Desertec should benefit both sides of the Mediterranean. By helping to diversify and ease Europe’s over-reliance on oil and natural gas from traditional trading partners, the plan predicts saving European energy consumers $40.9 billion annually, according to Desertec documents. Meanwhile, producing countries stand to earn $78 billion a year in export revenue, according to the Desertec Industrial Initiative’s Desert Power 2050 report. So far, Desertec-related projects have sprouted in Morocco, Tunisia and Algeria.
Since 2009, the Moroccan government has committed $9 billion towards a national green energy plan that aims to provide 42% of the country’s energy needs by 2020. Most recently, Saudi Arabia’s International Company for Water and Power (ACWA) signed on to support the first stage of Morocco’s sprawling concentrated solar plant outside the southern town of Ouarzazate, a 160 megawatt (MW) stage of an eventual 500MW facility. Building on a $297m loan from the World Bank in November 2011, the project is part of the country’s broader 2,000MW solar plan and a 6,000MW overall renewable strategy. This initial public-private effort will cost about $500m and includes an agreement with ACWA to handle financing, design, construction and maintenance of the plant. It forms part of Saudi Arabia’s $109 billion solar development plan to ease the local environmental impact of hydrocarbons and increase oil and gas reserves for export.
In neighbouring Tunisia, the TuNur concentrated solar power plant will provide 2,000MW of output for domestic consumption, according to Desertec estimates. Excess energy will be exported to Italy via a 600km high voltage, direct current line.

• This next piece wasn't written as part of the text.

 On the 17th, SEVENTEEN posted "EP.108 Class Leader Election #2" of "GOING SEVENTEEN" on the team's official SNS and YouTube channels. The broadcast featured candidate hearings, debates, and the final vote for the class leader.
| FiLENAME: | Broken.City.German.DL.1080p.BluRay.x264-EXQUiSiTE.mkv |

Late last year, Algeria’s Sonelgaz became the third North African state-owned utility to dedicate some of its future excess renewable energy to European customers. The agreement is a part of Algeria’s plan to produce 22,000MW of solar power by 2030, of which 10,000MW will be sold to Europe.
Despite such interest and fresh funding, achieving Desertec’s goal of creating a green grid that lights up both Mediterranean coasts is many years away. Potential investors are concerned about Desertec’s lengthy schedule and the long wait before they realise a return in revenue. Others are critical of North Africa’s scattered and insufficient energy infrastructure and think such an ambitious project can never overcome these obstacles.

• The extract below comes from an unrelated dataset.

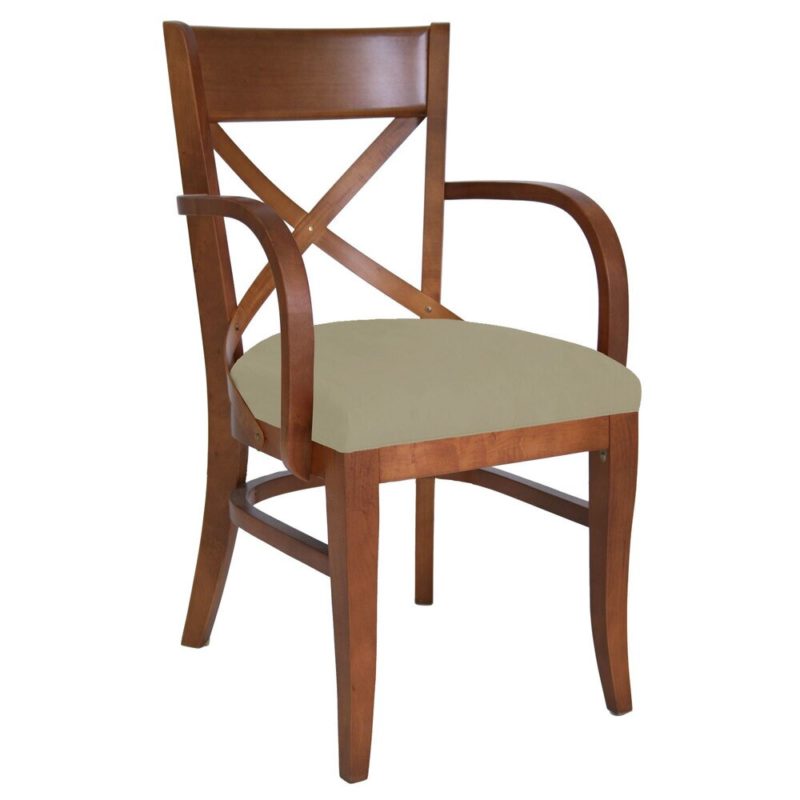 A cadeira com braçoes Itália possui estrutura em madeira maciça vergada e assento estofado. É a peça ideal para compor a sua mesa de jantar, proporcionando todo o conforto e elegância que você merece

Desertec supporters admit that this planned renewable power grid linking North Africa and Europe is decades away. A 2006 German Aerospace Centre study suggests that Desertec could provide as much as 470,000MW in concentrated solar power capacity in North Africa by 2050. While 38 years is a long time, they reason that these early investments are necessary first steps to a future energy bonanza for the Maghreb and Europe.
Desertec could help unify North Africa economically and politically through joint planning in energy production. Earlier this year, Said Mouline, the director of Morocco’s Agency for the Development of Renewable Energy, told Forbes magazine that the region’s green development represented an opportunity to shift the balance of political and economic influence to the southern Mediterranean.
This is a long way off and requires getting the initial projects up and running. Until the political wind blows steadily, particularly in Egypt and Tunisia, financial investment will not shine on this ambitious North African energy project.